ELA butterfly positions are structurally neutral / pin (limited-risk, limited-reward); the modeled P&L assumes European-style exercise at expiration and ignores early assignment, transaction costs, dividends paid before expiry on the stock leg (when present), and the bid-ask spread on the listed chain. ELA positions also carry Consumer Cyclical sector concentration risk; news flow inside the sector (peer earnings, regulatory shifts, supply-chain headlines) can move ELA alongside the broader basket even when ELA-specific fundamentals are unchanged. Always rebuild the position from current ELA chain quotes before placing a trade.

Frequently asked questions

What is a butterfly on ELA?
A butterfly on ELA is the butterfly strategy applied to ELA (stock). The strategy is structurally neutral / pin (limited-risk, limited-reward): A long call butterfly buys one lower-strike call, sells two ATM calls, and buys one higher-strike call, paying a small net debit for a defined-risk position that maxes out if the underlying pins the middle strike at expiration. With ELA stock trading near $23.90, the strikes shown on this page are snapped to the nearest listed ELA chain strike and the premiums come straight from the end-of-day bid/ask midpoint.

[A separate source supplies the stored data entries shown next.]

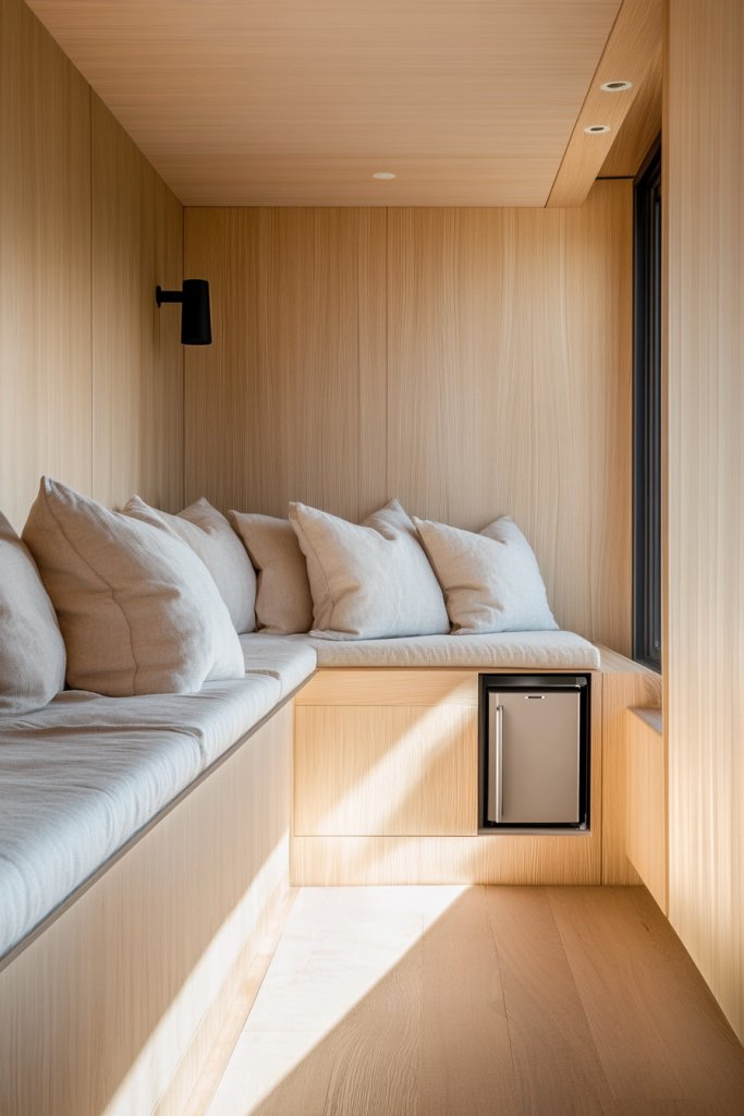 Looking for a cozy yet functional way to optimize space? A Scandinavian-modern built-in bench with hidden fridge storage offers a sleek solution. It combines seating, storage, and style in one clean package. Who says your furniture can’t do more?
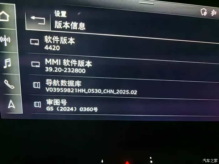 3874升级后,版本信息中软件版本4420,MMI软件版本39.20,但无导航数据库信息,打开导航“正在初始化导航系统,请稍候……”进度50%左右持续不动。
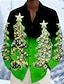 Jul Herre Juletre Glitrende glitter Gradientfarge Skjorte Skjorte med knapper Langermet Fashion Casual Ferie Vår Høst Aftæpning 3D-utskrift Front One Lomme Lin som skjorte Blå rød Svart / Grønn Svart
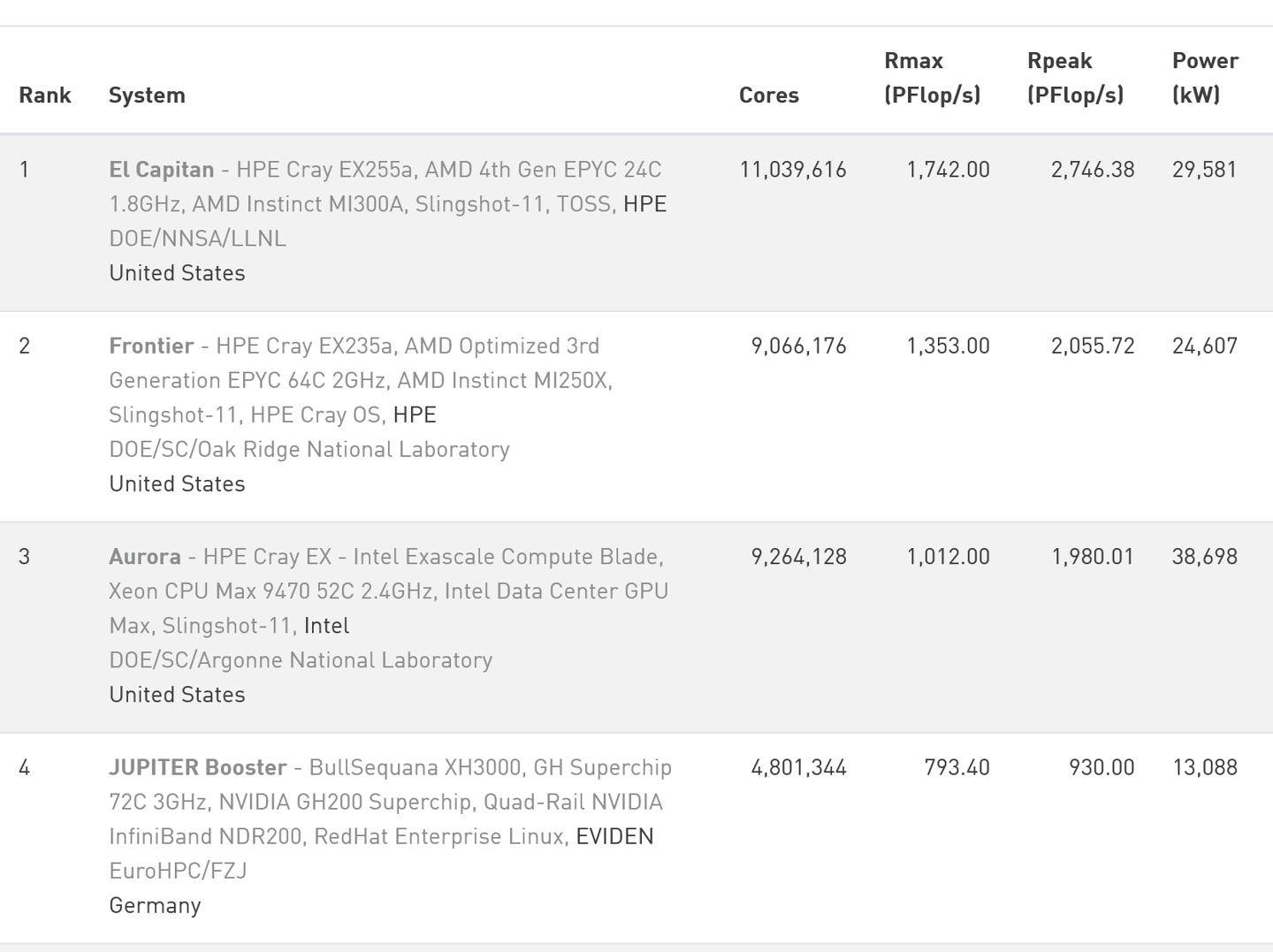 在本次榜單中,前三甲的寶座依然穩(wěn)固,由El Capitan、Frontier和Aurora三臺(tái)E級(jí)超算牢牢占據(jù),展現(xiàn)了它們?cè)诟咝阅苡?jì)算領(lǐng)域的卓越實(shí)力。而令人矚目的是,德國(guó)JUPITER超級(jí)計(jì)算機(jī)的調(diào)試系統(tǒng)JUPITER Booster異軍突起,成功躋身第四名,將原先排名第四至第九的超算依次擠后一位。
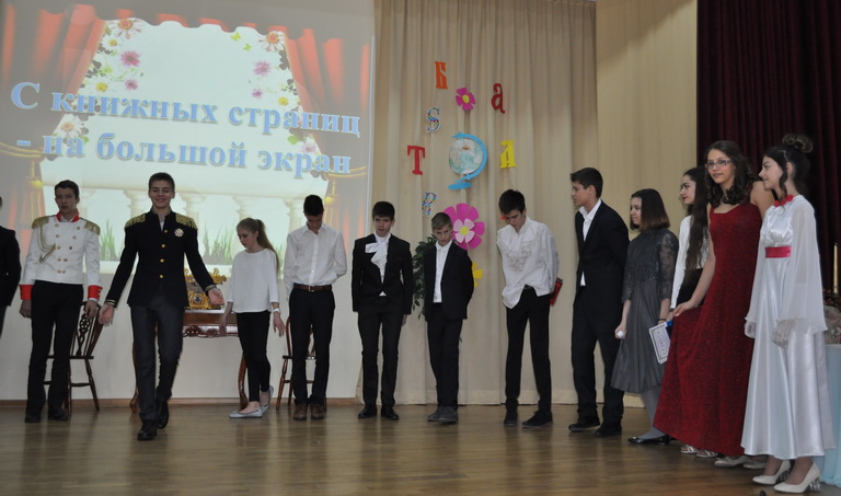 25.11.2016. «С КНИЖНЫХ СТРАНИЦ – НА БОЛЬШОЙ ЭКРАН» Году российского кино было посвящено мероприятие «С книжных страниц – на большой экран» (руководители – Глебова М.А. и Глебов Л.Л.) Оно закрывало неделю предметов гуманитарного цикла. Действие началось у парадной лестницы, по которой и поднялись в актовый зал учителя и участники программы. А затем на сцене развернулись картины из «Войны и мира», «Бесприданницы», «Маскарада», «Макара Чудры», «Юноны и Авось» и даже современного романа «Трое из навигацкой школы». А на экране мелькали кадры из фильмов, поставленных по этим литературным произведениям: «Война и мир», «Жестокий романс», «Маскарад», «Табор уходит в небо», «Юнона и Авось», «Гардемарины, вперед!». Бальные платья, костюмы, парадные мундиры, бабочки, жабо и маскарадные маски помогали зрителям перенестись в те далекие времена. Истинным украшением праздника стали романсы в исполнении солистов ансамбля «Консонанс».
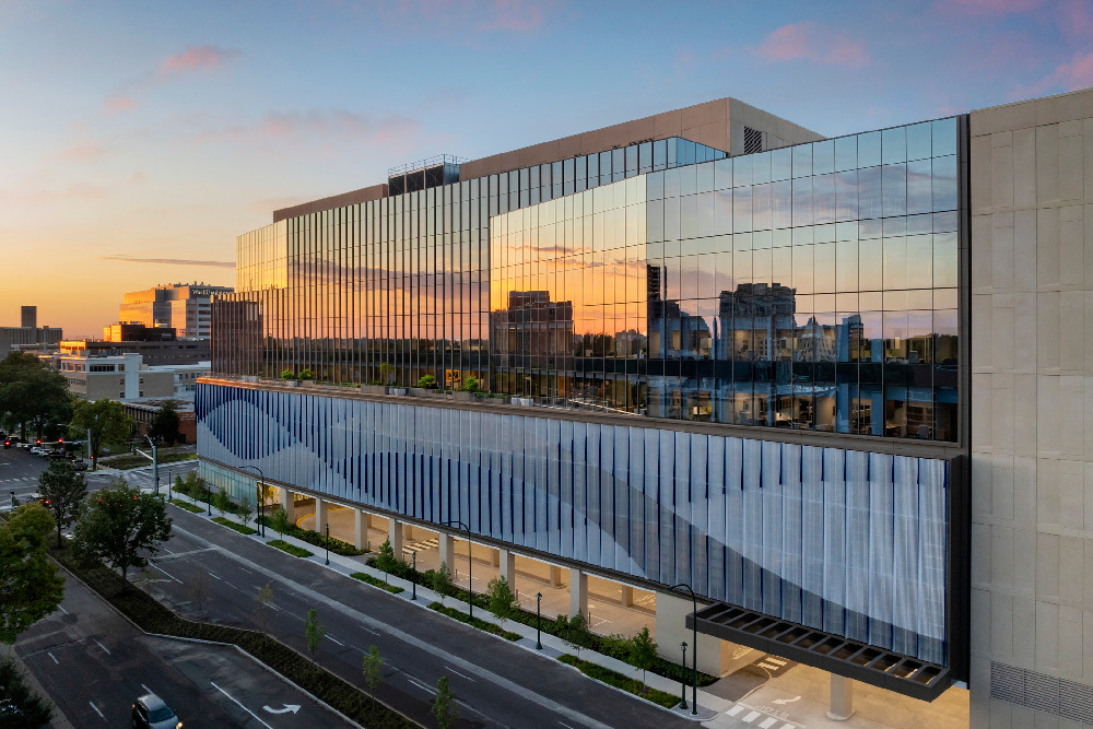 An intuitive, welcoming arrival sequence anchors the Gary C. Werth Cancer Center’s design, with three levels of integrated parking across the nine-story building. Photo credit: Andrew Rugge/Perkins Eastman
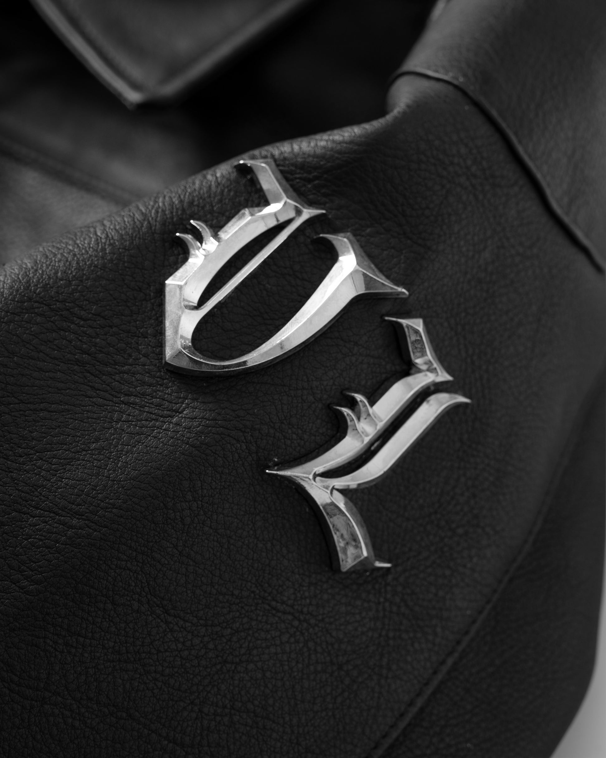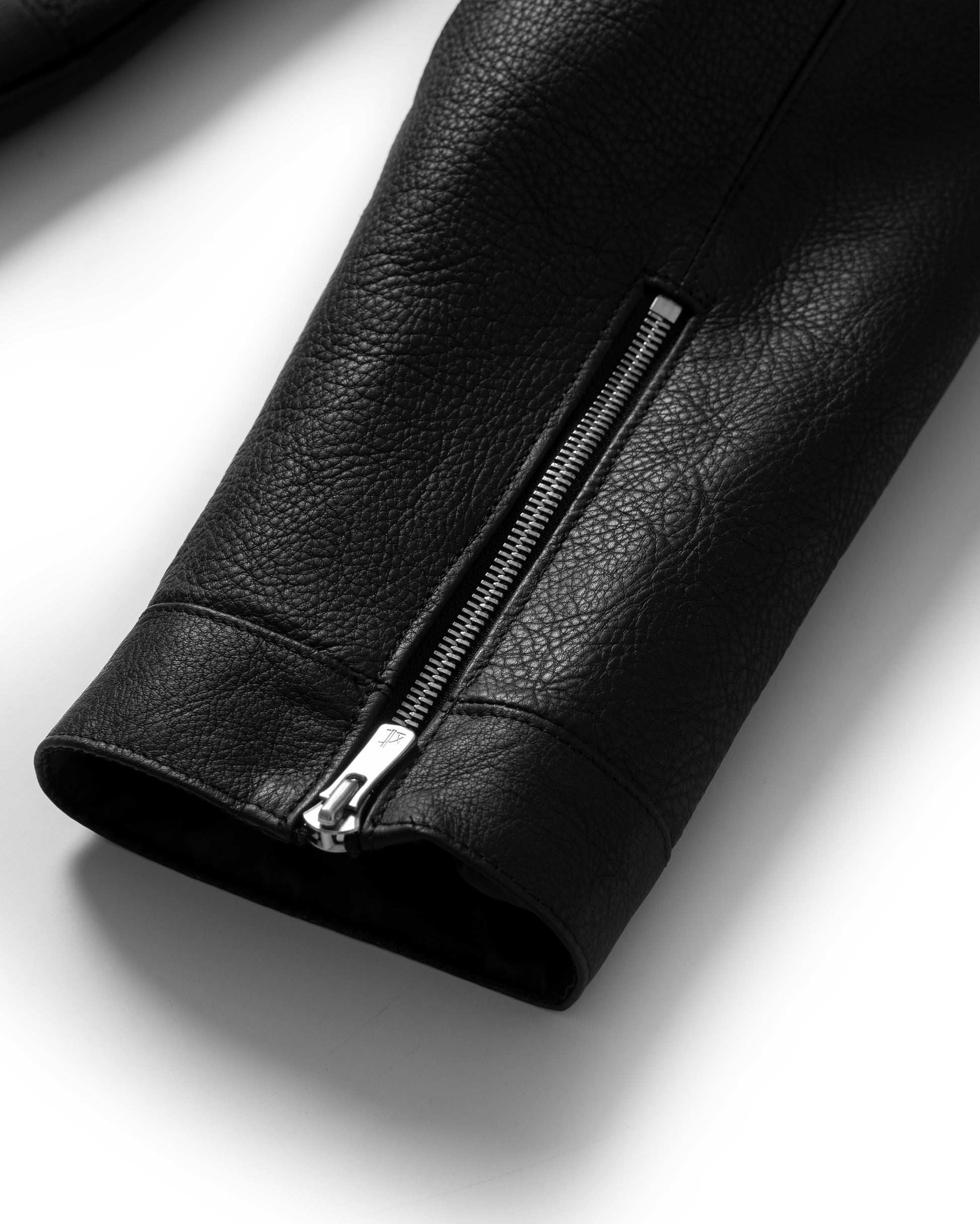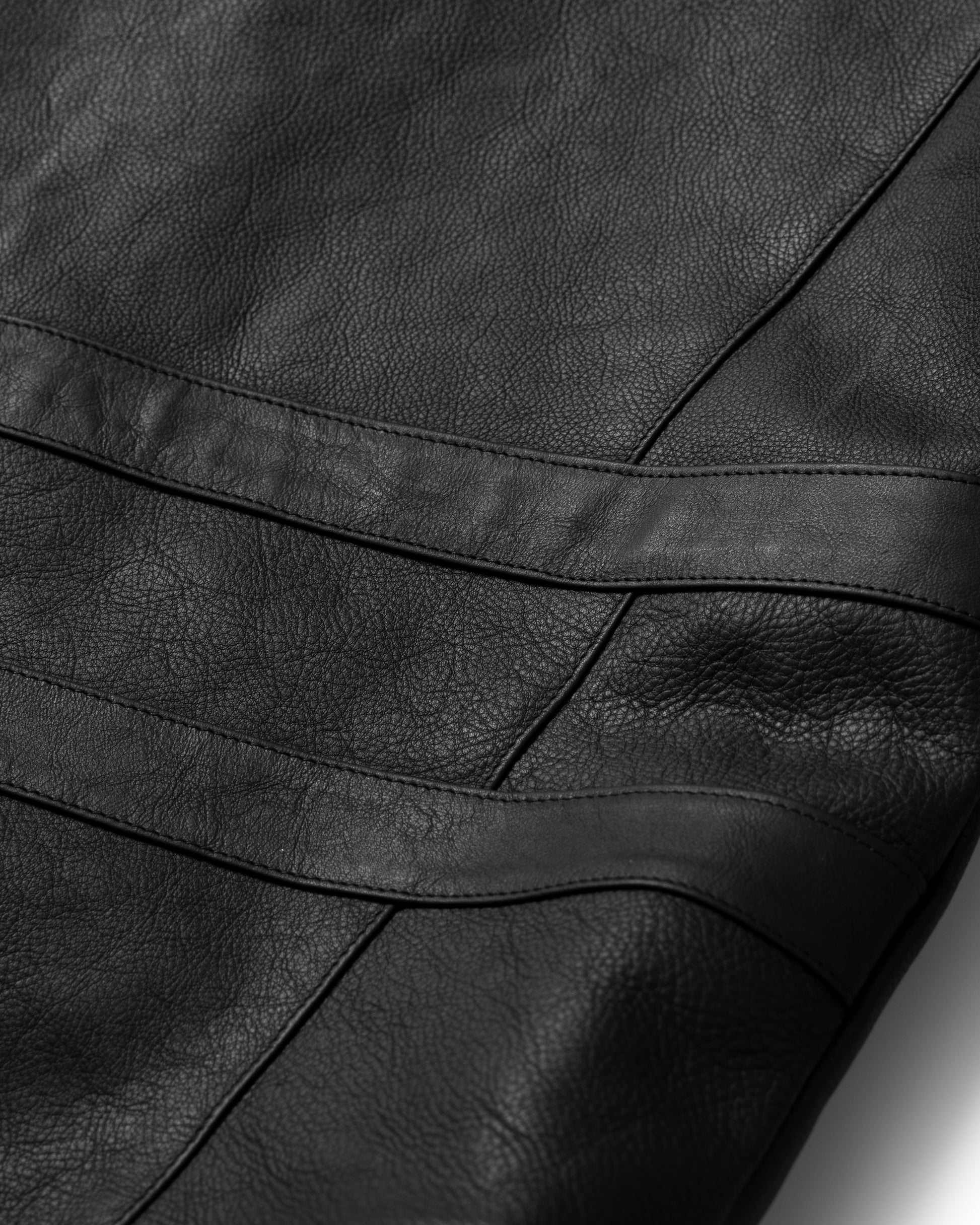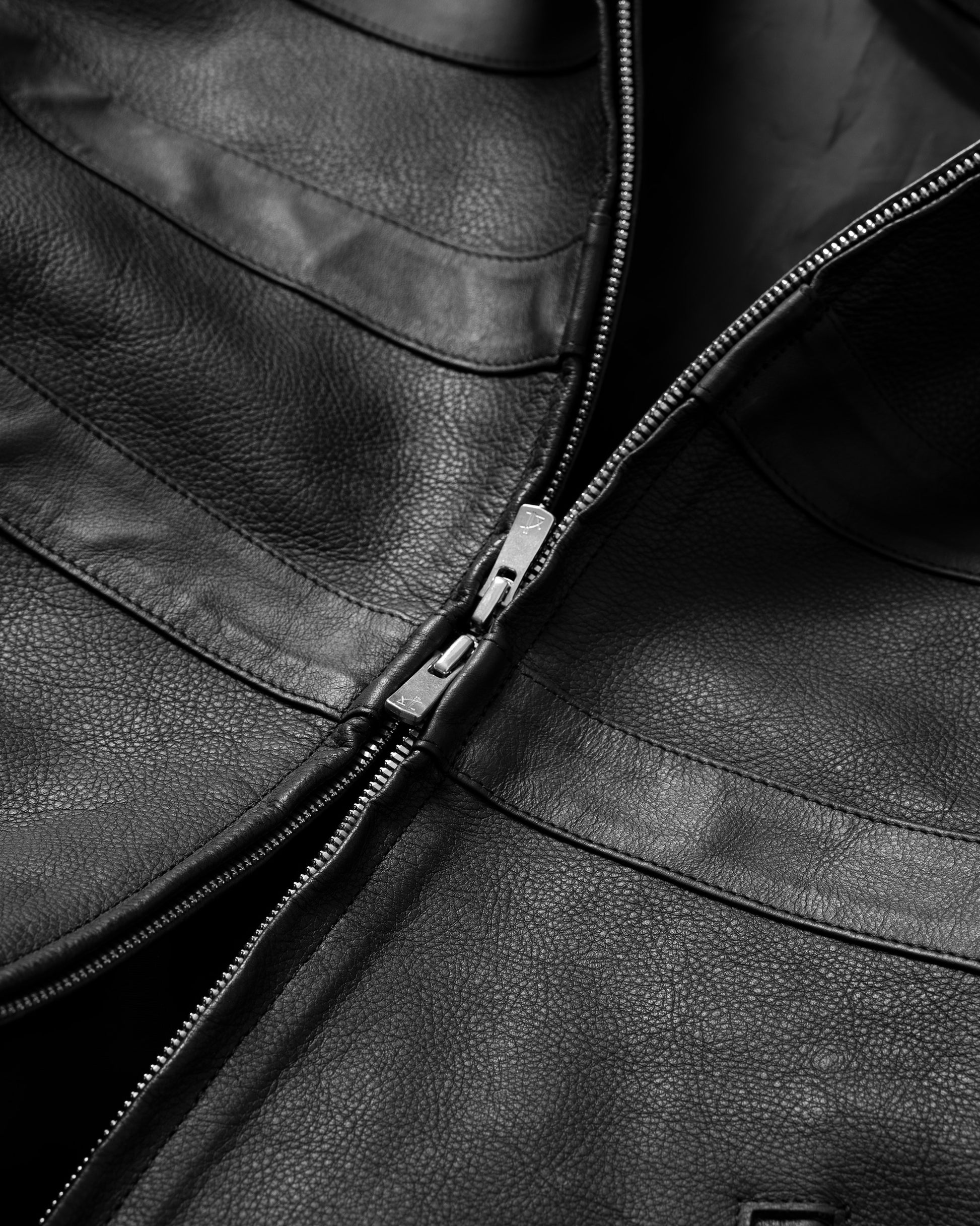 Shoulder pads are tailored, Using Excella zippers, Metal logo is attached on the sleeve, Embroidered with leather patch on the back
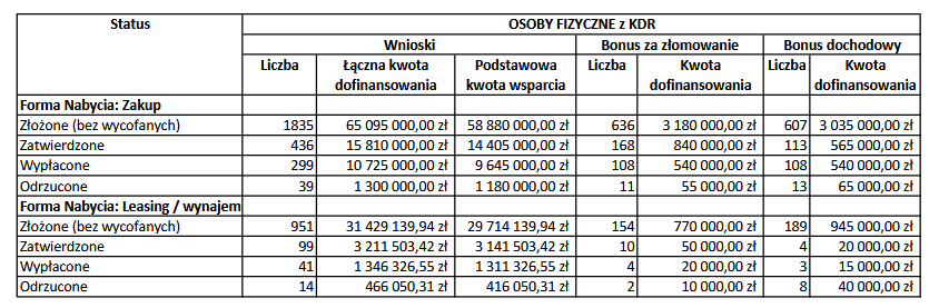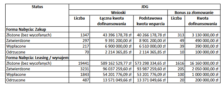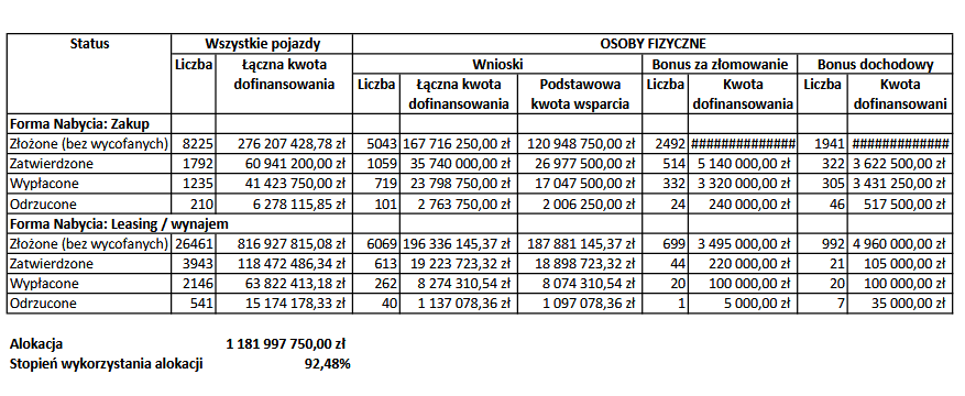 Do tego czasu wykorzystano 92,48 proc. środków. Odrzucono 751 wniosków, a złożono ich (zakup, leasing/wynajem) 34686. Zatwierdzono jednak tylko 5735, reszta czeka na akcept. Wypłacono jeszcze mniej, bo zaledwie do 3381 wniosków.

How are ELA butterfly max profit and max loss calculated?
Max profit equals the wing width minus net debit times 100 (reached when the underlying pins the middle strike); max loss equals the net debit times 100. Two breakevens at lower-wing plus debit and upper-wing minus debit. For the ELA butterfly priced from the end-of-day chain at a 30-day expiry (ATM IV 76.00%), the computed maximum profit is unbounded per contract and the computed maximum loss is unbounded per contract. Live intraday quotes will differ as the chain moves through the trading session.
What is the breakeven for a ELA butterfly?
The breakeven for the ELA butterfly priced on this page is no defined breakeven on the modeled curve at expiration, derived from end-of-day chain premiums. Breakeven is the underlying price at which the strategy's P&L crosses zero ignoring transaction costs and assignment risk. The current ELA market-implied 1-standard-deviation expected move is approximately 21.79%; if the move sits well outside the breakeven distance, the structure's risk-reward becomes correspondingly tighter.
When should you consider a butterfly on ELA?
Butterflies on ELA are pinning bets - traders use them when they expect ELA to settle near a specific level at expiration (often the prior close, a round number, or the max-pain strike) and want defined-risk exposure to that outcome.
How does current ELA implied volatility affect this butterfly?
ELA ATM IV is at 76.00% with IV rank near 33.33%, which is mid-range against its 1-year history. Strategy selection depends more on directional thesis and expected move than on a strong IV signal.